The Train to Crystal City: FDR’s Secret Prisoner Exchange Program and America’s Only Family Internment Camp During World War II by Jan Jarboe Russell
Reviewed: Scribner, 2015. Hardcover, 393 pages.
Also Available: Scribner, 2016. Trade paperback, 432 pages.
Many books have been written on the Japanese internment during World War II, and The Train to Crystal City is one of the more recent additions. I remember first being introduced to this topic when I read Farewell to Manzanar in middle school. Later, in high school, when the topic was addressed it never went beyond naming the order and what it did; even then, it was never fully explained. I remember learning from my own research that Order 9066 also affected those of German and Italian ancestry. Just a few weeks back, I read the novel The Translation of Love, which included the fictionalized account of two Japanese-Canadians who were repatriated to Japan after the war ended, one of whom was Canadian-born. And I did not understand why that repatriation was able to occur. The Train to Crystal City provides an answer.
The Train to Crystal City has two main goals. First, is to tell the story of the internment camp in Crystal City, Texas, and the second is the even lesser known story of the secret prisoner exchanges. Threaded through each are the stories of several individuals, including Ingrid Eiserloch and Sumi Utsushigawa, both whom were American born and repatriated. Like many books on this subject, it opens with the initial arrests and the climate at that time. The men were taken while the women and children struggled at home. Soon, the story bridges into why the men were taken. Some were because of their careers; others because of their loyalties to their homeland. Then the book goes into why the Crystal City Concentration Camp was created and how, including all the behind the scenes work by government officials. As part of this, those involved were also profiled, including the man who headed the Immigration and Naturalization Service, Earl G. Harrison, and the man who was in charge of the camp at Crystal City, Joseph O’Rourke. Next, it discusses how the German internees arrived first and built the camp. Then the daily life in the camps is profiled, much of which centered around the children’s school days and leisure. One major point that often led to conflict was that the children saw themselves primarily as Americans while the parents saw themselves as belonging to their original nationality.

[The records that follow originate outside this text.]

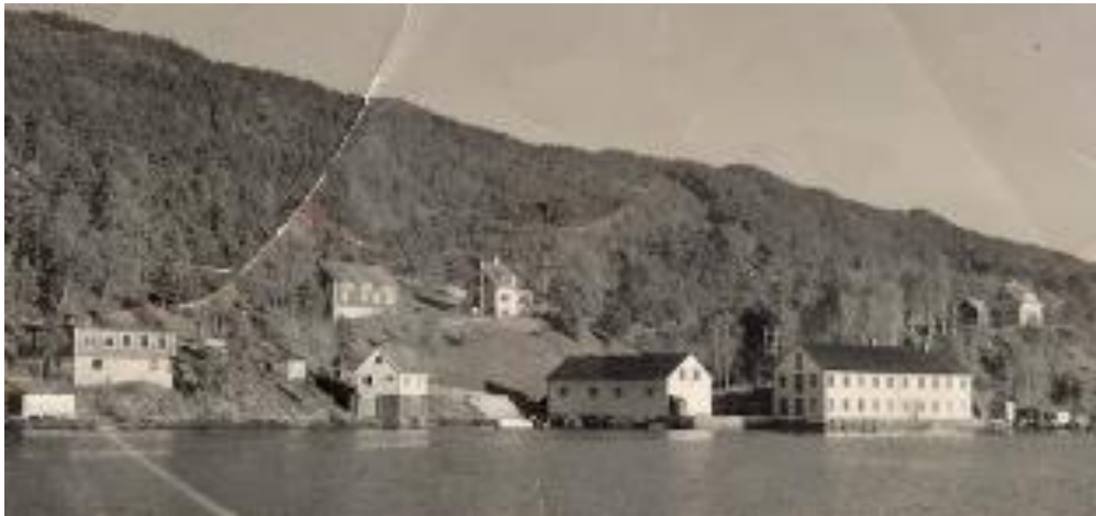
Figur 1 - Åsgard med møbelfabrikk på 1940-tallet.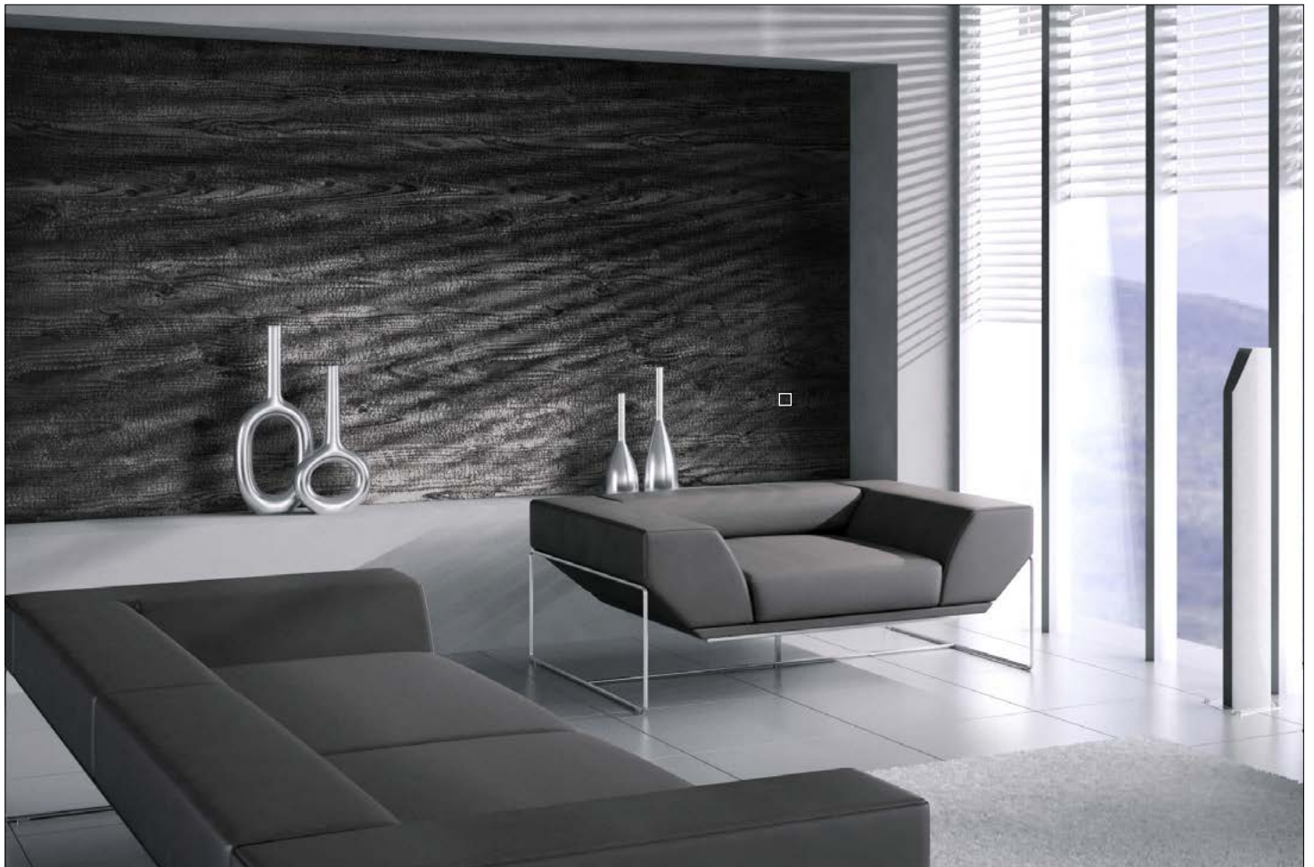
□ WL Carbonized Wood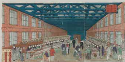
歌川(一暉齋) 国輝 『上州富岡製糸場』

The book’s other focus was on the secret prisoner exchange. I never knew until reading this book that our government rounded up those of German, Italian, and Japanese origins in Latin and South America as well and brought them to camps within the United States, many from Peru. The idea was that these individuals could be held and traded for Americans trapped in the now-enemy nations as well as prevent the war from spreading within the Western Hemisphere. The book also tells how many of those living in America were pressed to repatriate. Most who agreed did so either because they thought they had no choice or it was the only way to reunite their families. Then as the war winds down or after it is over, the book follows those who were repatriated, including Sumi’s life in post-war Japan and Ingrid’s being tossed into war-torn Germany in February 1945 as part of a prisoner exchange. This part of The Train to Crystal City tells the conflicts this caused within the families and the following struggles. It also tells the stories of those who were exchanged for these individuals, including prisoners-of-war and Holocaust survivors.

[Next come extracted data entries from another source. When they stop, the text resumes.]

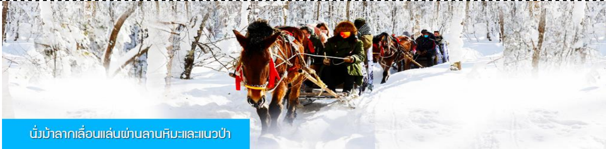
นั่งม้าลากเลื่อนเล่นผ่านลานหิมะและแนวป่า

220 หยวน หรือ 1100 บาท อัตรานี้รวมค่าบัตรผ่านเข้าอุทยาน ค่ารถรับ ส่ง และค่าบริการของไกด์ท้องถิ่น และค่าบริหารจัดการของบริษัททัวร์ท้องถิ่น หมายเหตุ โปรแกรมเสริมเป็นโปรแกรมที่ท่านต้องเสียค่าใช้จ่ายเองด้วยความสมัครใจ สำหรับท่านที่ไม่เข้าร่วมกิจกรรมดังกล่าวสามารถนั่งพักในรถได้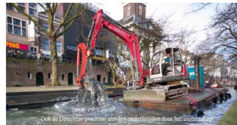
Ook de Utrechtse grachten worden onderhouden door het waterschap

HDSR werkt in een groot deel van de provincie Utrecht en een stukje van Zuidholland. In de provincie Utrecht werken verder de waterschappen Vallei en Veluwe en Rivierenland, en het Hoogheemraadschap Amstel, Gooi en Vecht.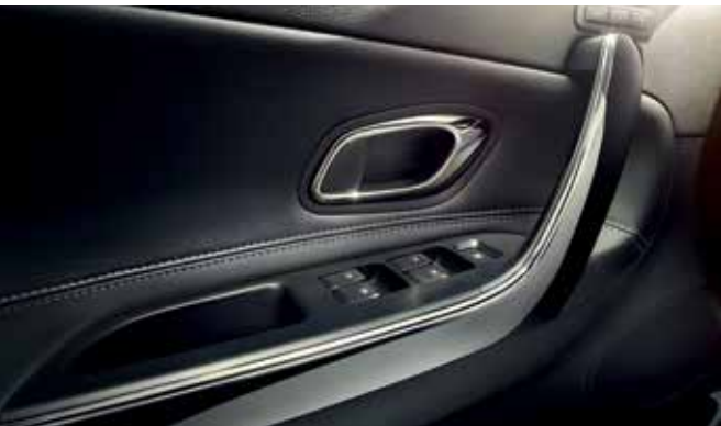
Türverkleidung in Lederoptik mit grauen Ziernähten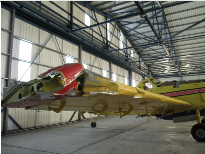
Slika br. 2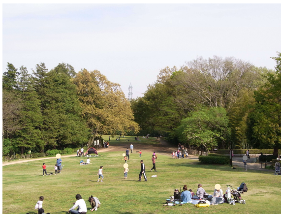
(集落跡にある古代芝生広場)

起伏に富んだ園内では、自然観察会や田植え・稲刈り体験などのイベントが催され、春秋を中心に多くの来園者に親しまれ、公園利用者によるボランティア活動も盛んに行われています。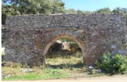
Ruinas de la Iglesia del Revellado

Esta ruta coincide en parte de su trayecto con la ruta megalítica; saldremos de la Iglesia de San Bartolomé para tomar la calle que tiene su nombre y continuamos por la calle Carrera, llegamos a la Fuente Goleta, cogemos la calle Riscos y posteriormente la calle San Roque. Al final de ésta atravesamos la calzada, giramos unos metros a la izquierda y cogemos el camino que sale a la derecha.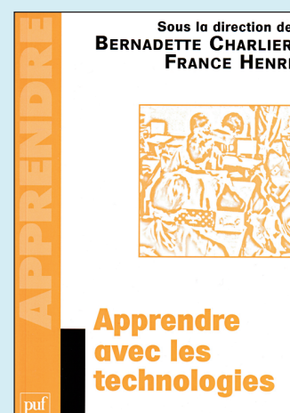
Bernadette Charlier et France Henri. (Dir.). (2010). Apprendre avec les technologies . Paris: Puf.

«Partout s'ébauche devant moi l'image d'une société qui décourage parfois l'enfance, déstructure souvent l'adolescent et entérine sans pitié les inégalités.» C'est d'abord pour ces enfants blessés, ces jeunes humiliés, parfois objets d'un hasard malheureux, que l'auteure a proposé des ateliers théâtre. Pour qu'ils inventent, dans un espace sécurisant, un nouveau langage, une autre image d'eux-mêmes. C'est en théoricienne de sa pratique que la spécialiste précise sa démarche comme étant «ni art-thérapie ni Molière», mais une (re)mise en «JE». Elle présente clairement le déroulement des activités qu'elle propose. Les outils décrits finissent par concerner tous les publics. On s'imagine très vite les utiliser dans nos écoles et collèges, en formation des maîtres, en camps pour développer le lien social, la créativité, la création et la culture. Les publics mixtes décuplant les effets des ateliers.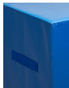
Asa de transporte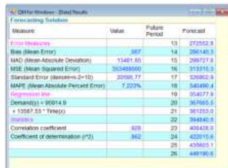
Gambar 6. Output Metode Trend Analysis Dengan Software POM-QM

Berikut rekapitulasi peramalan ( forecasting ) dengan software POM-QM.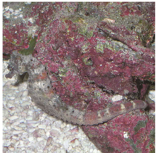
圖 13 海馬體色與背景融合

在自然海域環境中，有些海馬會從棘刺頂端長出角質層而擬態成海藻的型態，體色也會變成與環境背景相似的颜色 (圖 13)，加上海馬大多時間都勾在礁岩或海藻上，幾乎是靜止不動，使敵人不見察覺而避開危險，也使自己比較容易攝食到小型甲殼動物。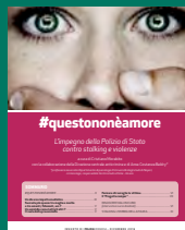
#QUESTIONONÈAMORE Dicembre 2016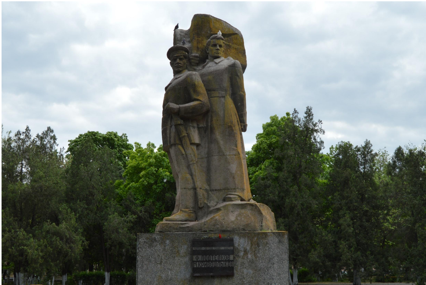
Памятник Подтелкову и Кривошлыкову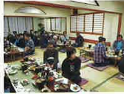
南支部恵比寿講 11月21日(火) まるわか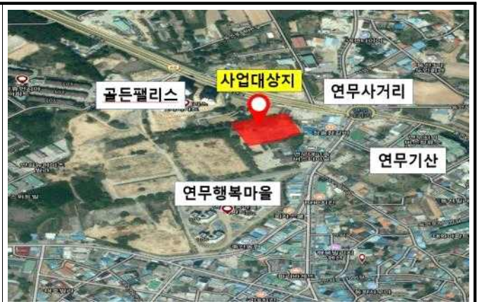
위 치 도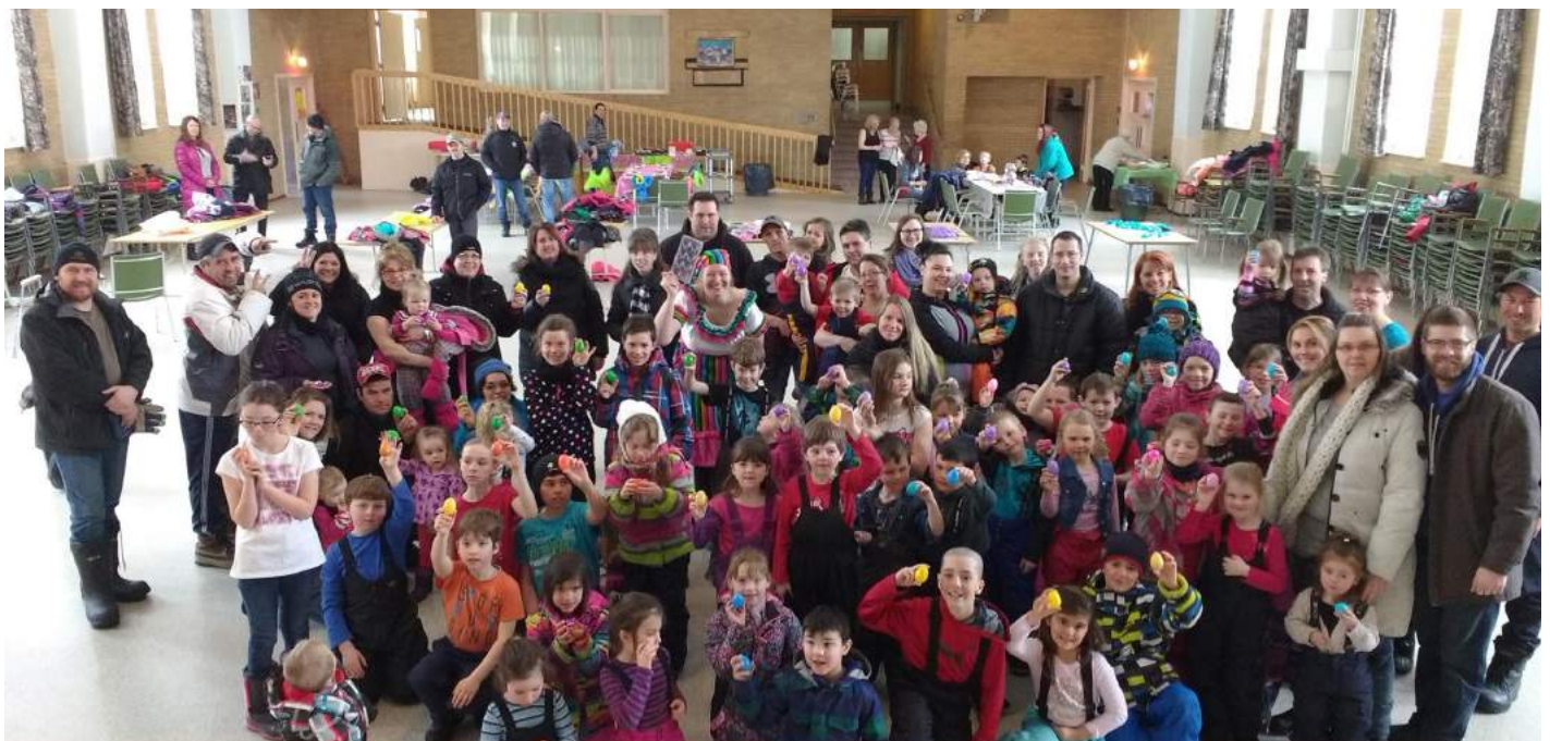
Chasse aux cocos du 26 mars dernier à l'Aube Nouvelle.

Overall, I thought the book was a worthy addition to the literature on World War II. While not written by an academic (Russell is a journalist), The Train to Crystal City was well-researched. She went beyond other books by examining the FBI files of the internees and she made extensive use of videotaped and in-person interviews and oral histories provided by those who were children when they were interned and a couple of individuals who worked at the camp. In fact, this work of history is more of a narrative history, as it makes use of many quotes and stories from those interviews and oral histories. I do think this book fills a gap in scholarship while also being accessible to all who are interested in the topic.

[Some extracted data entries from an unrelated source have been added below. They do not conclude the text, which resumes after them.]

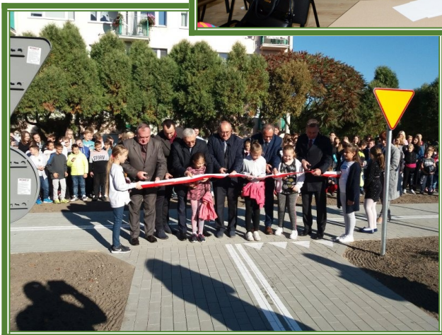
Uroczyste otwarcie Miasteczka Ruchu Drogowego 2018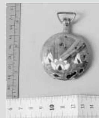
Une boîte de montre réalisée par un élève de l'Ecole d'art vers 1906. PHOTO ÉCOLE D'ART

L'accès à ce corpus est réservé, avec un code, à la Ville et aux institutions concernées. Il sera vraisemblablement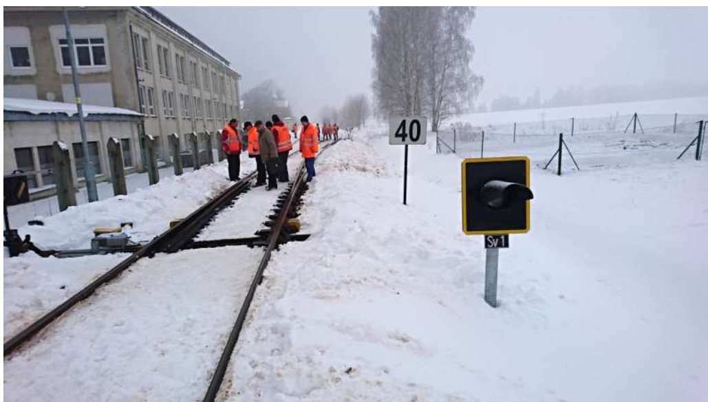
Obr. č. 1: Pohled na místo vzniku MU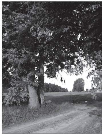
Liepa pie Veclečiem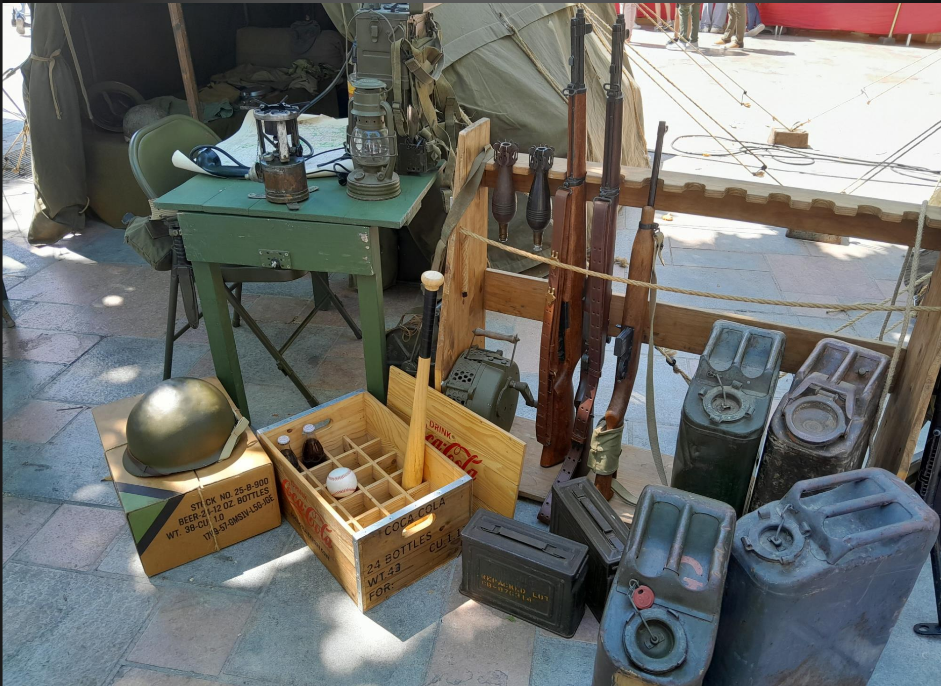
BERRE L'ETANG _ Le campement, matériels divers.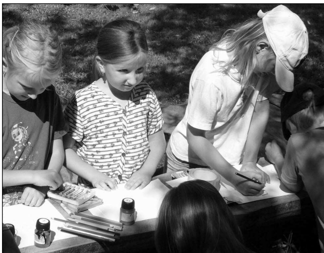
Děti se na »Kozí« louce ve Vatině vyřádily.

Díky patří nejen jí, ale též panu Placákovi a obecnímu úřadu za finanční příspěvek. Lucie PALÍČKOVÁ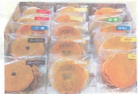
コーヒー、紅茶、ココア、味噌、プレーン、あんず味等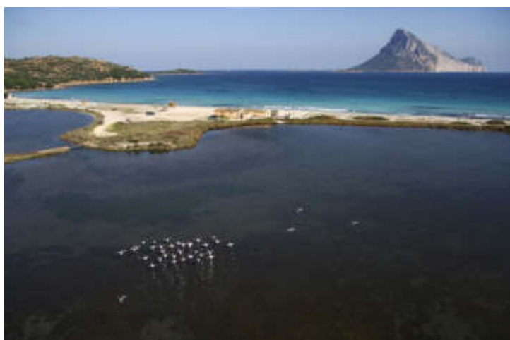
Porto Taverna

In circa 16 anni di gestione siamo riusciti a produrre buoni dati per la conservazione ambientale. Ci siamo concentrati molto anche sul riordino delle attività economiche per tracciare profili di sostenibilità ambientale. Abbiamo varato un regolamento che disciplina tutte le attività consentite dal punto di vista economico all'interno dell'area marina. Questa regolamentazione ha creato un sistema produttivo armonico. Tutti i valori ambientali generano economie che possono essere misurate. Noi abbiamo valorizzato il territorio, la nostra economia genera ricchezza duratura.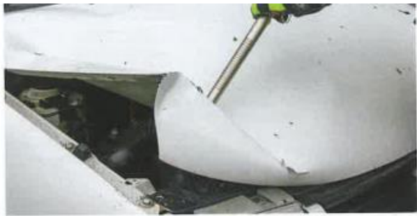
Schnelle Öffnung: Einsatz des Tools an der Motorhaube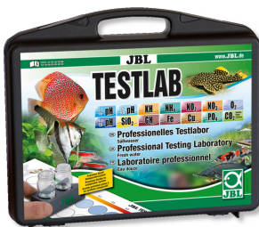
JBL Testlab Maletín con 13 tests para analizar agua dulce Testlab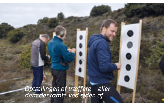
Optællingen af træffere – eller dem der ramte ved siden af

Men hvorfor er orienteringsløbet ikke til samme diskussion som feltsporner? Fordi o-løbet ikke tilnærmelsesvis kræver de samme ressourcer at afvikle, og som arrangør kan man få hjælp af lokale, civile o-klubber. Kun Forsvaret arrangerer en feltsporner, der minder om vores, men også hos Forsvaret er sporten skrantende. Og så er o-løbet også som deltager meget lettere at kaste sig ud i både for nye og gamle.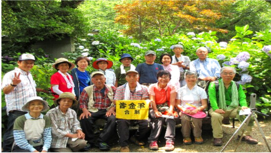
真っ盛りのあじさいに包まれてごきげん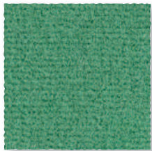
Mousse 240 4 m

On a more personal note, while I knew that all foreign nationals had to register as enemy aliens during the war and that those of German and Italian ancestry were also interned, learning of the use of internees for prisoner exchanges did outrage me. Why? That could have been my family. One set of my great-grandparents did have to register as enemy aliens back then and had to do so until the day they died (one in the 1950s and the other in the 1970s). My family’s lives could have been very different too.
Did you know about these lesser known details of World War II? Do you have another book on the subject to recommend? Do you think you’ll read this book to learn more?
I was provided with a copy of this book for review by FSB Associates.